# Gun Identification Using Gesture Matching

This notebook demonstrates how to detect and identify guns appearing in a live video feed, using a custom trained deep learning model.

To get started, you must have the following requirements installed:

1. `tensorflow` - to load the custom gun detection model
2. `numpy` - to perform numerical operations and array manipulations
3. `opencv-python` - to capture video from the camera and perform image processing operations
4. `notebook` - to run this notebook in a Jupyter server

It is recommended to have a virtual environment to isolate these requirements from the rest of your system. This can be done using Python's virtualenv package.
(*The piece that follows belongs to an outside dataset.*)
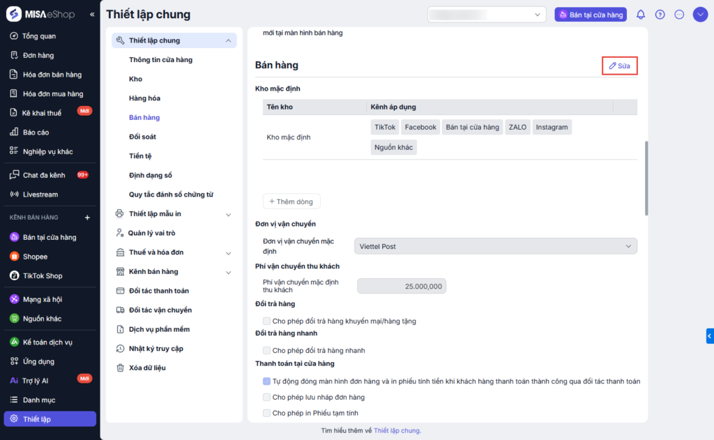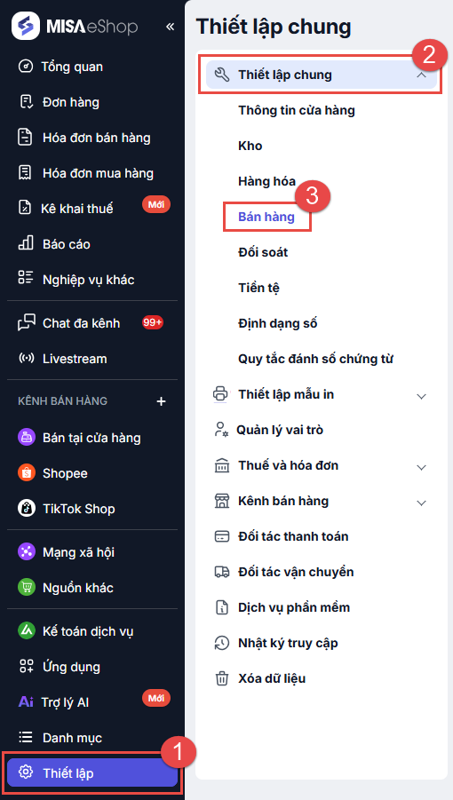 Tại màn quản lý, chọn Thiết lập\Thiết lập chung\Bán hàng.

First, open a Terminal (Command Prompt on Windows) in the same folder as this notebook and create a virtual environment:

```shell
python3 -m venv env
```

Next, activate the virtual environment. For Windows users:

```shell
.\env\Scripts\activate
```

For Linux and MacOS users:

```shell
source env/bin/activate
```

Now you can safely install the above requirements in your virtual environment:

```shell
pip install tensorflow numpy opencv-python notebook
```

After installation is complete, launch the Jupyter server to edit this notebook:

```shell
jupyter notebook
```

## Getting Started

The following imports are necessary to work with this notebook:

In [10]:
# Imports

import cv2
import numpy as np
from tensorflow import keras
from keras.models import load_model
from keras.preprocessing import image
from keras.applications.vgg16 import preprocess_input

We will be using `opencv-python` to read a live video input from the computer's webcam and perform inference on each frame of the video input, using the custom gun detection model we trained <a href="https://github.com/ravi-aratchige/IPCV/blob/main/6.%20Gun%20Detection/Gun%20Detection%20with%20VGG16.ipynb">previously</a>. The predictions made by this model will be shown in real-time on the webcam's video feed as well.

## Prerequisites

Before we start the webcam to detect and identify guns, we need to do the following.

First, we need to load the saved model from the <a href="https://github.com/ravi-aratchige/IPCV/blob/main/6.%20Gun%20Detection/Gun%20Detection%20with%20VGG16.ipynb">previous notebook</a>.

In [12]:
# Load the saved gun detection modelCheck whether the mask has any non-zero values
model = load_model("model.h5")

print(model)

<keras.src.engine.sequential.Sequential object at 0x7cef260b5390>


Next, we need to define a **post-processing utility function** to do the following:

1. Convert the model's prediction into a **binary mask** using a threshold (in this case, 0.3) - values greater than the threshold wil be converted into 1s and others will be converted in 0s.
2. Ensure that the binary mask is a **NumPy array** (of type `uint8`).
3. Apply **erosion** to remove small false positives (noise). Erosion removes noise from the mask by shrinking the white regions (1s) i.e. the foreground. This must be done iteratively.
4. Apply dilation to restore the size of the eroded mask and adjust the regions affected by the erosion. Dilation restores the size of the previously shrunken regions, which helps recover the eroded regions while keeping the noise reduced. This must also be done iteratively.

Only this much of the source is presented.